Erm… why not TCP_IP_Socket? What if it's CustomTCPIPSocket – how is that different from openTCPIPSocket? Why can't a class conceivably have an openTCPIPSocket method?..

"Who uses x,y/X,Y to distinguish between coordinates" – a common computer vision convention; in vision you mix 2D (image) and 3D (world) coordinates in expressions so it's not about spotting the number of arguments that's different in different contexts.

#24 Steven G. on 06.06.14 at 3:18 pm

Well put Yossi, well put.

Additionally, I'd like to point out an interesting article about how humans interpret written words. http://en.wikipedia.org/wiki/Typoglycemia

Removing the spacing between words effectively messes with the brains ability to easily interpret them, and also reinforces your points about lengthy names being bad for your mental health.

So many interesting points. Thank you.

#25 kragen on 06.13.14 at 11:35 am

atlant: yes, Smalltalk, even though its development started around 1970, used the older ASCII-1963 interpretations of ← and ↑ for _ and ^, which it interpreted, respectively, as assignment and return. ASCII-1963 didn't mandate lower-case, but it did leave a big open space for lower-case that ASCII-1967 filled in.

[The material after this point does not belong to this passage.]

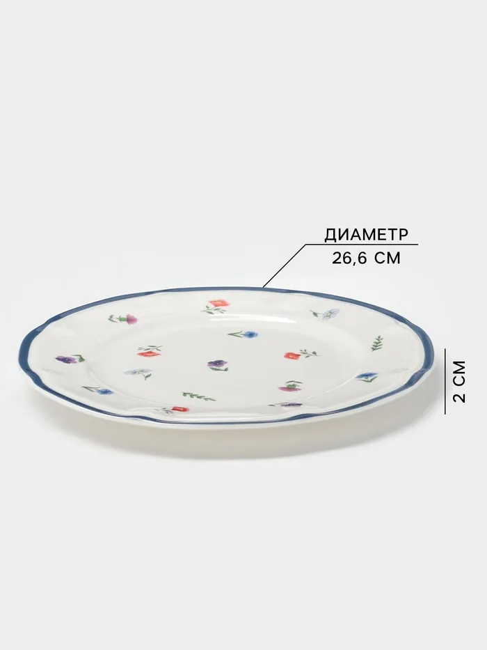 Изготовленная из нового костяного фарфора, эта тарелка диаметром 26.6 см идеально подходит для сервировки основных блюд и десертов. Её цветочный рисунок придает неповторимый шарм любому столу. Она станет украшением вашей кухни и особенным акцентом при создании атмосферы романтики.

But why would a language whose first identified version was Smalltalk 72 in 1972 be using the ASCII-1963 character set instead of the ASCII-1967 character set? Probably because they wanted ← and ↑, and in 1972 using your own weird character set was a reasonable thing to do, even though looking back 42 years later (or 36 years later, when I wrote my comment above that you replied to) it seems like an obviously dumb idea. I mean, APL was still popular in 1972, IBM mainframes with EBCDIC were sort of dominant, PDP-10s could handle bytes of any size but usually used their own weird six-bit character set, and there were even UNIVAC mainframes using FIELDATA, although they were less popular than IBM's mainframes and DEC's mega-minis.

Smalltalk, also, was noted for its tendency to prioritize doing cool things over compatibility. And that's why it's still marginally relevant 42 years later, while EBCDIC, FIELDATA, UNIVAC, and PDP-10s and SIXBIT have been consigned to the dustbin of history.

#26 Yossi Kreinin on 06.14.14 at 5:13 am

…or "that's why it's only marginally relevant while worse languages from those days are still extremely relevant"… :)

#27 Luiz on 07.22.14 at 4:16 am

I "solve" the problem with the CamelCase by using custom text render that detects them on highlighting and change the colors intensity of the capitals, thus making it very easy to see the both word separated. I could put a space between the words, but I use a monospaced font and I don't bothered to play with the kerning.